I can’t say I really enjoyed watching most of the rally, though it got more fun as it went on, but then these things are tricky to watch on television or, in this case, live-streaming. They’re not shows performed with an audience for the benefit of the viewer at home, they’re done for the people who are there — even if many of them have trouble seeing or hearing anything if they’re standing too far way from the stage — and the people at home are peripheral.

So this wasn’t exactly a TV show, except for a few bits that were clearly aimed at the home viewer, like Tim Meadows’ return appearance as P.K. Winsome. (Colbert has tried to create a few recurring characters who parody established pundit-show figures, but Winsome is the one who’s lasted the longest. He’s a combination of two typical characters from pundit shows: the black Republican who gets on cable news a lot because there aren’t many black Republicans, and the guy who uses his news appearances as a thinly-disguised excuse to advertise his business.) Otherwise, it was, like any rally, a news event as much as a show. And that’s the source of the weirdness and the questions about how to respond to this thing, because it is simultaneously a parody of a rally and a straight-up, actual event, complete with questions about how many people showed up and whether it was a politicized rally.

Personally, I wish it had been more politicized, not because I think it would change minds, but just because it would have given the event more bite than the message Stewart was actually trying to convey. His belief that the media is making things worse by blowing everything out of proportion, and that people would have an easier time getting along if it weren’t for the 24-hour news culture, has been pretty consistent over the years; what he said in his final speech is similar to what he said in his famous appearance on Crossfire all those years ago. I think there’s an argument that it’s really a dodge to keep from really outright taking a partisan political side and giving up the “only sane man” pose.
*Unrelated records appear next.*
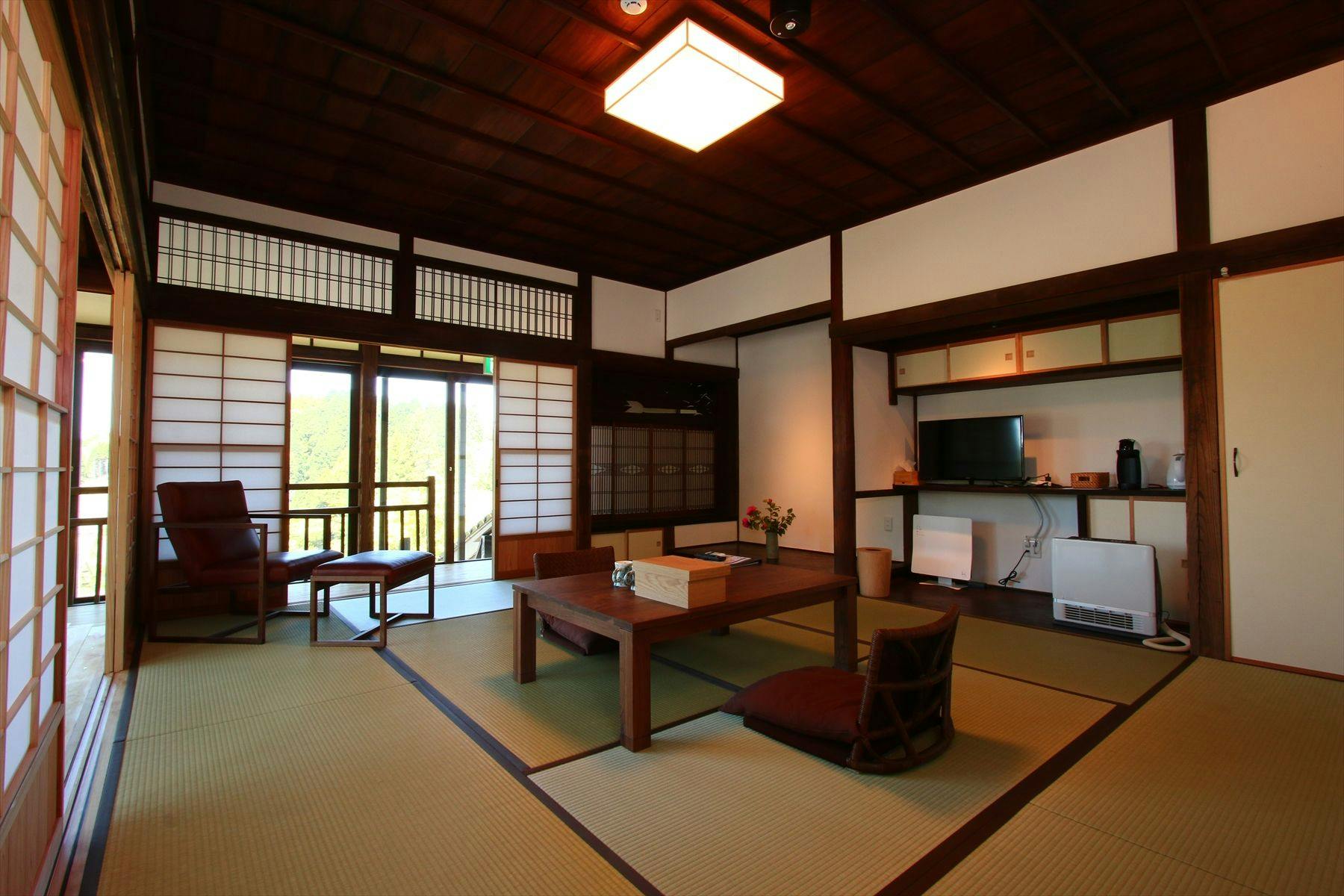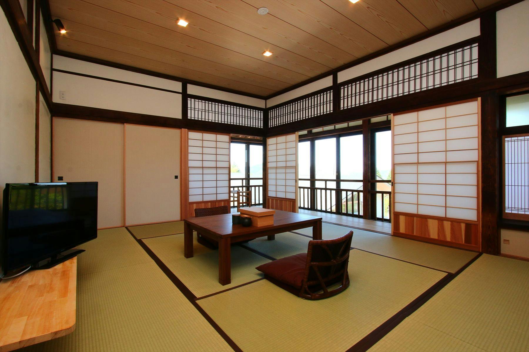 地獄温泉の北側、お部屋からは夜峰山から南外輪まで一望でき、全開放の戸を開けると大自然が目の前に。運が良ければ眼下に雲海があらわれるかもしれません。
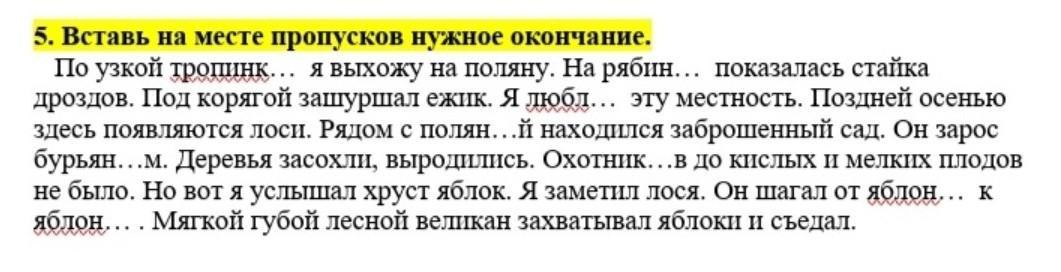 По узкой тропинкЕ я выхожу на поляну. На рябинЕ показалась стайка дроздов. Под корягой зашуршал ёжик. Я люблЮ эту местность. Поздней осенью здесь проявляются лоси. Рядом с полянОй находился заброшенный сад. Он зарос бурьянОм. Деревья засохли, выродились. ОхотникОв до кислых и мелких плодов не было. Но вот я услышал хруст яблок. Я заметил лося. Он шагал от яблонИ к яблонЕ. Мягкой губой лесной великан захватывал яблоки и съедал
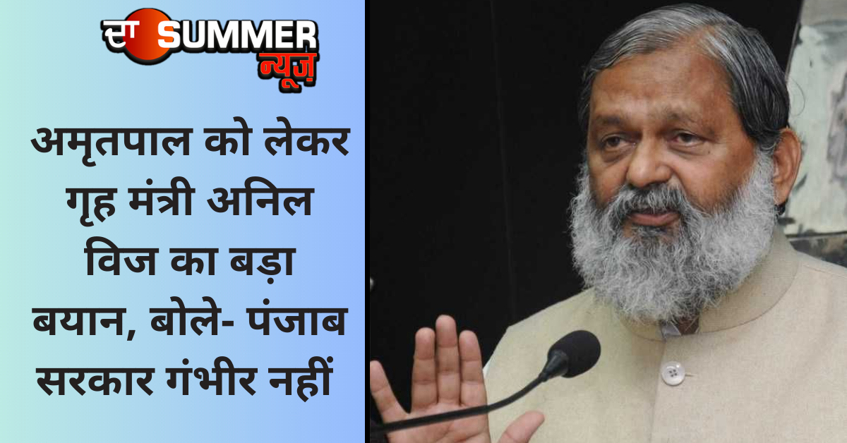अंबाला (एकता): ‘वारिस पंजाब दे’ प्रमुख अमृतपाल सिंह लेकर हरियाणा के गृह मंत्री अनिल विज का बड़ा बयान सामने आया है। मीडिया सूत्रों के अनुसार अनिल विज ने कहा कि अमृतपाल को पकड़ने में पंजाब सरकार गंभीर नहीं है। बता दें कि हरियाणा पुलिस में पंजाब पुलिस को सूचना दे दी थी लेकिन हमारी सूचना के बावजूद पंजाब पुलिस डेढ़ दिन बाद पंजाब से शाहाबाद पहुंची। अनिल विज ने कहा कि ये पंजाब सरकार का क्या राजनीतिक ड्रामा है मुझे नहीं पता। गौरतलब है कि पंजाब पुलिस की कड़ी सुरक्षा के बीच अमृतपाल सिंह 19 मार्च की रात यूट्यूबर पपलप्रीत के साथ रात 9 बजकर 46 मिनट पर कुरुक्षेत्र जिले के शाहाबाद के सिद्धार्थ कालोनी में सफेद रंग की पंजाब नंबर की स्कूटी पर पहुंचा।
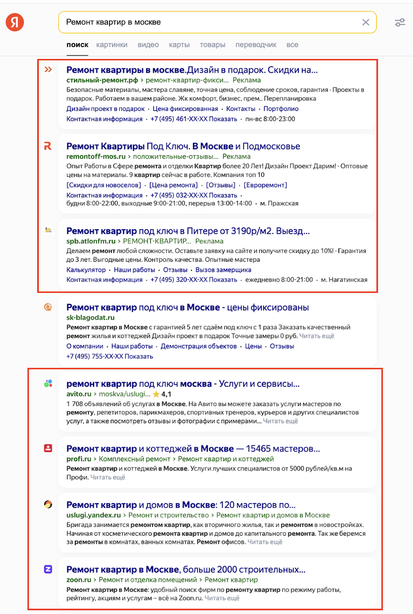 Пример выдачи по запросу “Ремонт квартир в Москве”.

If you read the speech, it’s a nice statement of his belief that people are people no matter where they are, and that they are not partisan attack machines in their everyday lives. Which is true, but a bit irrelevant to the message and mission of news, and of politics. There’s not much conflict between saying that people of opposing views can get along and work together in everyday life and that people of opposing views can’t get along and work together in politics. So the media’s picture of a world where nobody can get along  is probably more accurate than Stewart’s rosier picture — at least when it comes to politics. Stewart does a good job of ripping the way 24-hour news views politics — a vicious sporting event where the game is the only thing that matters, and nothing has any real consequences for real people’s lives. But that could be closer to the truth than his view that reasonable people can come together to solve problems if the pundits just stop shouting.

Update: My collague Luiza Ch. Savage was there in person, and has a report on the live experience of the rally and its attendees.

Elsewhere, Christine Becker, who was there live, has a post on the experience of the rally, how it differed from the televised experience, and the “visceral feeling of unity” it gave to the participants.